Mr Leamer had been on opioid painkillers for more than two decades and had been visiting his doctor every month for prescriptions.
For the last six years, he was mostly bed-ridden — and cared for by his wife and partner of 48 years, Tammy.
"He couldn't move. Even the kids would say I'm not coming around anymore because Dad's always in bed," she said.
The Victorian man was at his lowest point when Tammy went away to visit family.
He felt so low he contemplated suicide.
"I was really down," he said. "I was fed up with everything."
But the 67-year-old did not realise the morphine was causing many of his problems.

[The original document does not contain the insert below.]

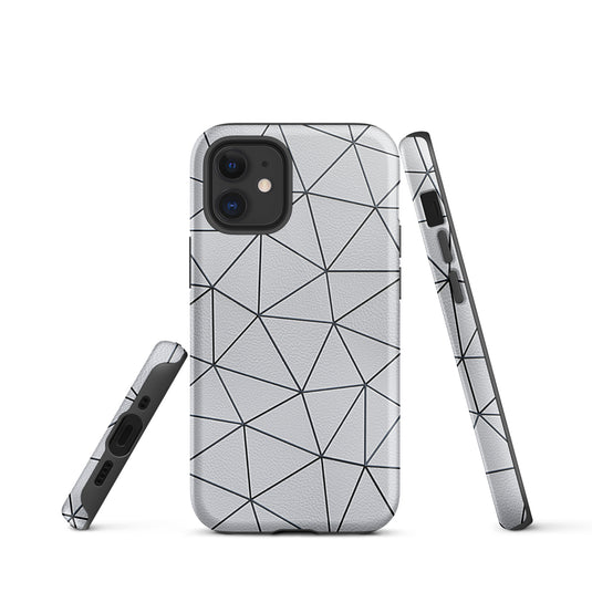 iPhone 12 mini Glossy Polygon White Black Leather-Like iPhone Case Hardshell 3D Wrap Thermal Double Layer

"I just thought it was the gradual deterioration of me," he said.
A life-changing trip to emergency
Rushed to hospital with pneumonia in September last year, Mr Leamer had to be resuscitated twice and spent time in intensive care.
Doctors told him he had to come off the opioids and he would only be able to take paracetamol.
"I was really mad at the time, really angry," Mr Leamer said.
"We know about a quarter of long-term opioid users in Australia went into hospital not on opioids, and they never came off them afterwards," Associate Professor Vagg said.
Addiction not the only side effect
Dr Jill Thistlethwaite, a consultant GP to NPS MedicineWise, said people could become dependent in as little as two weeks.
"The number of prescriptions for opioid medications has gone up markedly in the last 10 years," she said.
"And the more people that take opioids, the more risk of dependency there will be."
Mr Leamer has been off opioid medications altogether for the last eight months.
"I knew that they were addictive but what I didn't know were the other side effects besides addiction," he said.
"The slowing of your mental capacity and the impact it has on your body."
With Mr Leamer now up and about, the couple can enjoy gardening and fishing together.
He is able to drive and can spend time with his four children, 13 grandchildren and seven great-grandchildren.
"I've still got pain but I'm starting to learn to live with it and to own it," Mr Leamer said.
"It's not controlling me; I'm trying to control it now."